Study protocol using combination of three data collection methods. AI: artificial intelligence

This was a retrospective analysis of data collected for routine clinical care. The study was registered and approved by the Royal Brompton Hospital Safety and Quality Department (approval number 004426) and individual informed consent was not required in line with UK National Research Ethics Service guidance.

CMR scanning protocol, volumetric analysis, and image quality

The CMR scans were performed for clinical indications on several scanners with conventional ECG gating and array coils at 1.5 T (Magnetom Aera and Magnetom Avantofit Siemens Healthineers). Long axis and stack of short axis cines were acquired with bSSFP as described in the literature for a standard clinical CMR study [16, 17]. In line with departmental standards of practice, left and right ventricular (RV) volumes, ejection fraction (EF), and left ventricular (LV) mass were calculated using the short­axis cine stack and indexed to body surface area (BSA). Papillary muscles and LV/RV trabeculations were included in the myocardial mass calculation and excluded from the blood volume. Volumes were indexed to body surface area (BSA) calculated using the Mosteller formula [16, 17]. Manual volumetric analysis data were derived from clinical reports.

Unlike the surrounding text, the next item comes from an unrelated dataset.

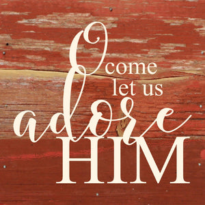 O come let us adore Him. / 6"x6" Reclaimed Wood Sign
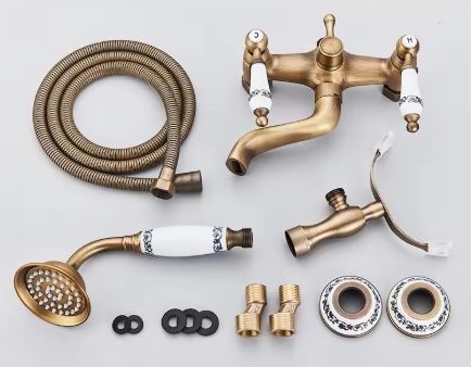 Antikolt réz kádtöltő csaptelep porcelán fogantyúkkal

The image quality of the standard short axis cine stack was assessed as described in the published EuroCMR registry criteria [18]. According to these criteria, 1 point was given if an artefact impeded the visualization of more than one-third of the LV endocardial border at end-systole and/or diastole on a single short-axis slice. If the artefact involved 2 or 3 slices, 2 or 3 points were given, respectively. In terms of LV coverage 2 points were given if the apex was not covered and 3 points if a basal slice or more than one slice in the stack were missing. An image quality score of 0 corresponded to a study with no significant artefact affecting the clinical evaluation, no missing or unusable slices and optimal orientation of the stack.

Accuracy of AI myocardial segmentation was visually assessed on each short axis cine slice and qualitatively scored using one of three categories defined as “good” if no manual correction of AI contours was needed, “adequate” in cases where minimal changes were needed at the base of the heart usually involving the valve planes, or “suboptimal” if several slices of AI analysis necessitated manual modification to be deemed clinically acceptable. Additionally, for 20 consecutive AI analyses in the normal subgroup, manual adjustment of AI contours was performed. Improvement in agreement with this combination of AI and manual methods was evaluated.

Statistical analysis

Quantitative data obtained were analysed using IBM SPSS Statistics Software Version 27 (International Business Machines, Armonk, New York, USA) and MedCalc® Statistical Software version 20.015 (MedCalc Software Ltd, Ostend, Belgium; https://www.medcalc.org; 2021) was used to generate Bland–Altman plots. Normal distribution was tested with the Shapiro–Wilk test. Normally distributed parameters were presented as mean ± SD, whereas parameters not meeting normality were presented as median (interquartile range). Dependent variables were compared using the Wilcoxon signed-rank test. Agreement between manual and AI analysis output was tested using intra-class correlation coefficients (ICC) based on a model of absolute agreement, considered excellent if ICC > 0.8, good between 0.6 and 0.79, fair between 0.4 and 0.59 and poor below 0.4 [19], 95% confidence intervals were also reported [19]. Bland–Altman plots were used to assess the combined (AI with manual adjustment of contours) method. Within-subject coefficient of variation (CoV) was calculated as SD of the differences divided by the mean. The Kruskal–Wallis H test was used to assess impact of image quality score on agreement. All tests were 2 tailed, and p < 0.05 was considered statistically significant. Qualitative data obtained from survey was presented descriptively and reported using the summary provided by Qualtrics (2021).

Results

The selected CMR studies included 185 males (61.7%) and 115 females with median age of 50 (28) years. CMR indications, study image quality and scoring of AI myocardial segmentation data are presented using previously described subcategories in Table 1. Prospective gating was used in 48 studies (16%) to troubleshoot arrhythmia related image degradation and routine retrospectively gated acquisition was applied for the remaining studies.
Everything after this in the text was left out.